Bert Holcroft was an English rugby league footballer, coach and writer on rugby league coaching.

==Military service==
Bert Holcroft joined the Royal Navy at aged 18 and was 20 when he served aboard the HMS Petunia. On 6 June 1944, HMS Petunia was among the naval force that took part in the invasion of Normandy, and on D-Day. HMS Petunia was an escort vessel for one of the assault convoys. During the assault the ship received a "mayday" from an American tank landing ship that had struck a mine. Holcroft was among those who saved 60 of the soldiers from the tank landing ship. In 2016 Holcroft was decorated with the Legion d'Honneur by the French government - an award Holcroft dedicated to the men saved on D-Day.

==Rugby league==
After the war Bert Holcroft played rugby league for amateur team Wigan Road Working Men's RLFC as well as the reserve team of Leigh. He also coached the B and Colts junior teams for Leigh.

In the 1960s Holcroft and his wife, Bridget, moved to Australia where he coached junior side Murwillumbah Brothers to successive premierships in the Tweed Rugby League in 1961 and 1962. Holcroft also coached the Bundaberg representative team where he introduced new training techniques relating to diet and weight training.

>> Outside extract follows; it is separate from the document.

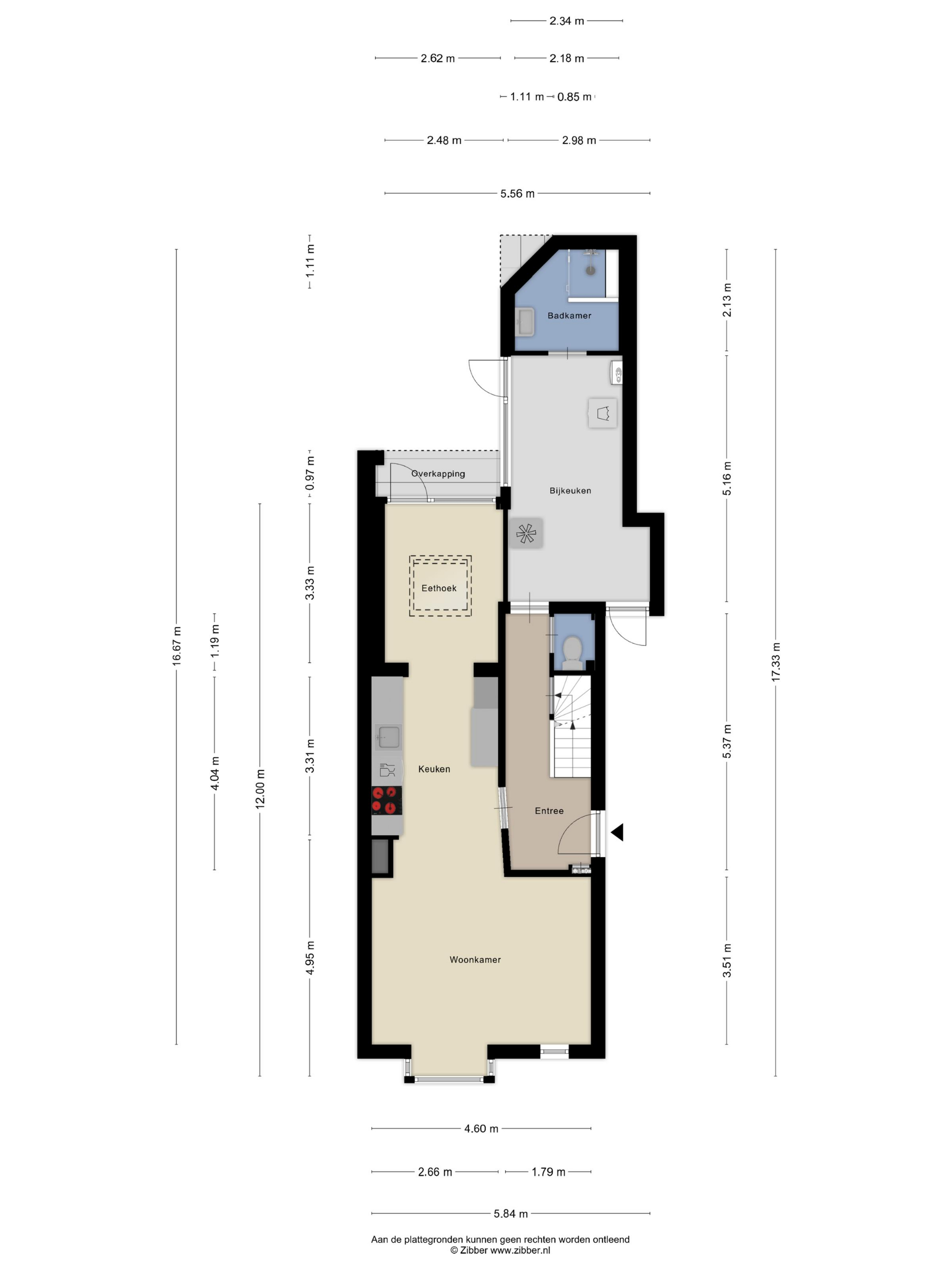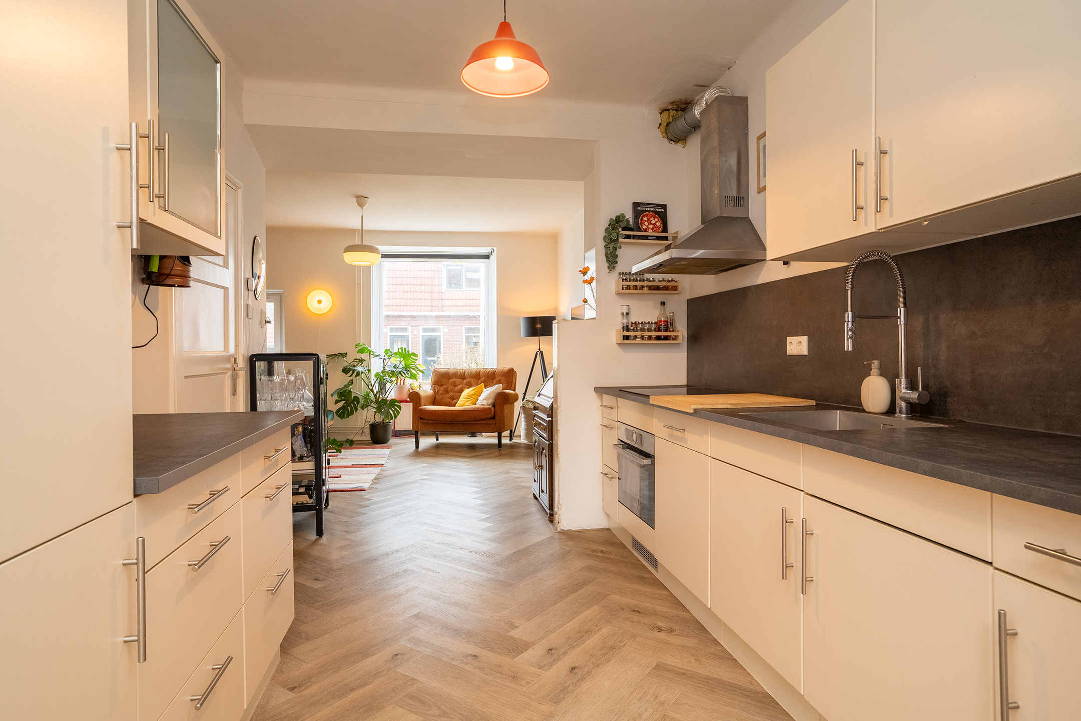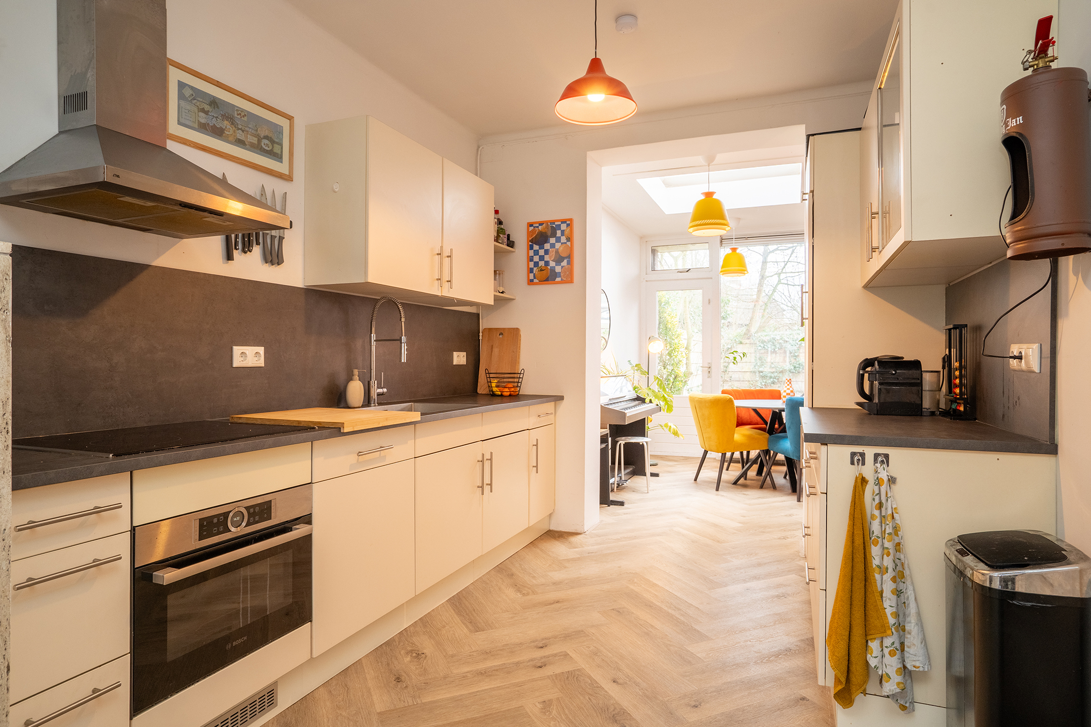Via de entree kom je in de sfeervolle woonkamer, waar het daglicht rijkelijk naar binnen valt en de warme afwerking direct een thuisgevoel geeft. De open indeling zorgt voor een prettige verbinding tussen zitten, eten en koken. De keuken is praktisch ingericht en grenst aan de eetkamer, die dankzij de lichtkoepel en toegang tot de tuin een heerlijke plek vormt voor lange diners en gezellige avonden. In de ruime bijkeuken bevindt zich de opstelplaats voor de wasmachine en de wasdroger en tevens de CV opstelling. De achtergelegen badkamer beschikt over een ruime douche en een wastafel.

Holcroft was appointed as coach of Eastern Suburbs in the New South Wales Rugby League premiership in 1965. Easts were a weak side at the time, having won just five matches in the two preceding seasons under Dick Dunn and fellow Englishman Nat Silcock Jr.. Under Holcroft they only won three games of 36 contested in the two seasons he was in charge; in 1966 Easts became the most recent (as of 2022) premiership team not to win a game during a season.

Over the years Holcroft developed his training and fitness techniques into a series of books for rugby and football. Holcroft died on August 17, 2021.